A short barmaid, no older than sixteen, bumped her hip against his leg. “Need a drink, mister?”
He looked down into her brown eyes an
d smiled. “Not yet, sister, maybe later.”
“Suit yourself,” she said, and sashayed off with her tray of dirty glasses and a towel on her arm.
“We’ve got an open seat,” said a bulldog-faced, bareheaded man with a cigar stuck in the corner of his mouth and holding up his fanned-out cards toward the light to see his hand better. “Sit down. You can lose your money quick as I’ve been doing.” He tossed in his cards. “I’ll fold.”
He turned when Thurman sat down, and stuck out his hand. “My name’s Mick, stranger.”
“Baker’s mine.” He nodded to the other five and took the captain’s chair. The legs scraped on the floor as he moved in. In such chairs with their arms, if you ever needed to draw a gun, you had to rise up to get it out. That was the reason some gamblers wore shoulder holsters and others carried derringers up their sleeves or pigstickers in their boot tops.
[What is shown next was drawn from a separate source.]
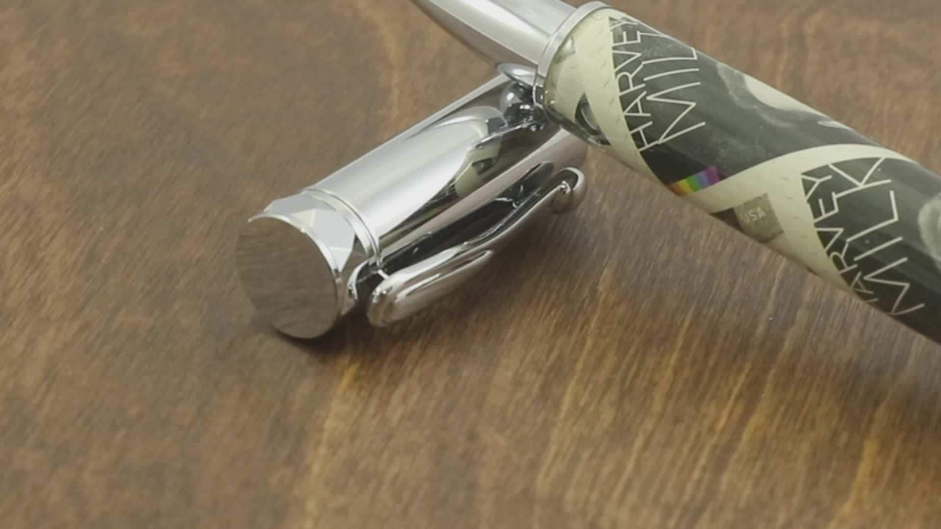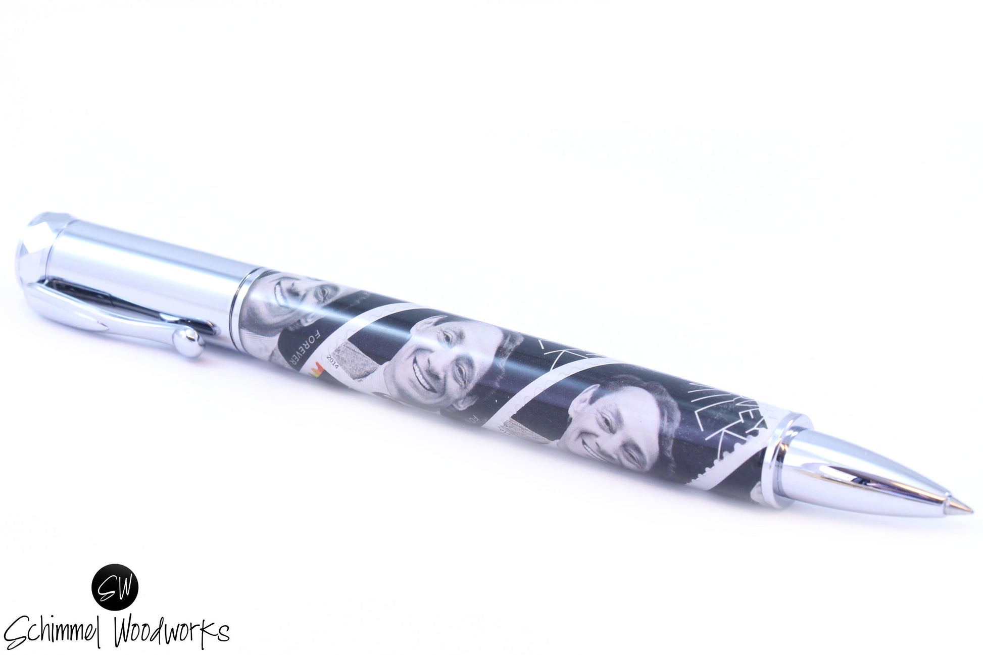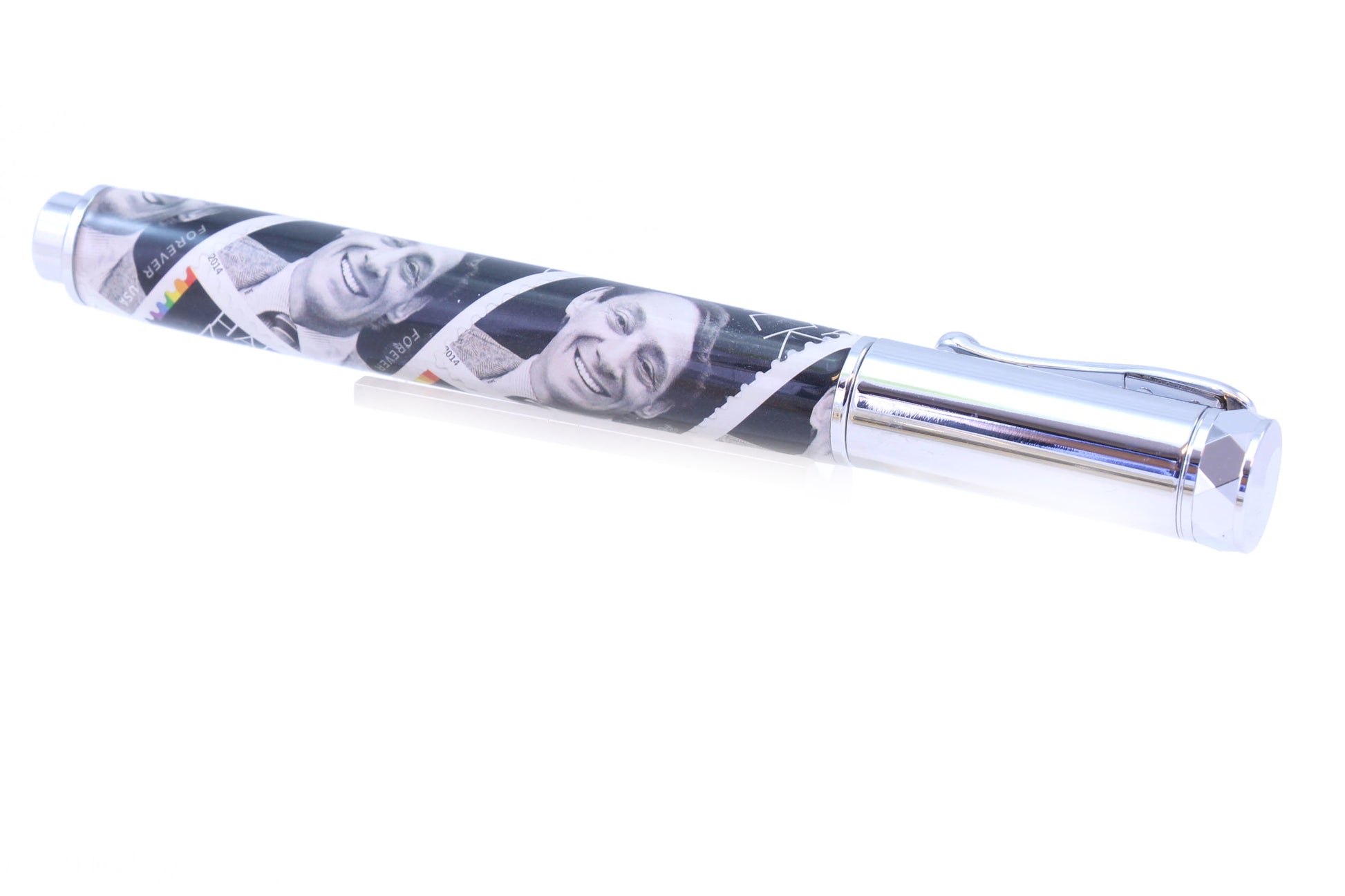 This is a pen featuring a body made with Harvey Milk Stamps, the first openly gay elected official in the US. Very cool tribute to support gay rights

But in the thousand or so games of chance Thurman had been in, he had seen few such altercations. Such incidents were more likely to occur sitting cross-legged on some trading blanket under a mesquite bush playing with some worn-out cards against a couple of Injun whiskey traders out on the Llano Estacado.
“Ten-buck raise is the limit,” Mick said. “Five-card, but only a three-card draw.”
Thurman understood. There was a gambler who wore a silk vest under a tailored coat across from him who mumbled his name was Crawford. Frenchie was a Cajun on his right. The other side of Mick was a drover named McNard, with snow on his sideburns, his head topped by a weathered gray hat that drooped in the front, and a bilious handlebar mustache.
The last man in the circle was clean-shaven with sharp facial features. Andrews was his name. Thirty years old or so, he reminded Thurman of a mountain lion. He seemed tense, and looked ready to claw your eyes out at the first threat toward his person.
“Where you come from?” Frenchie asked as he showed three eights and raked in the pot.
“South,” Thurman said, putting enough money out on the table to show he was serious.
“South of town?”
“A ways.”
“Oh, good, south of town is a good place.” Frenchie shuffled the cards. “Ante two dollars.”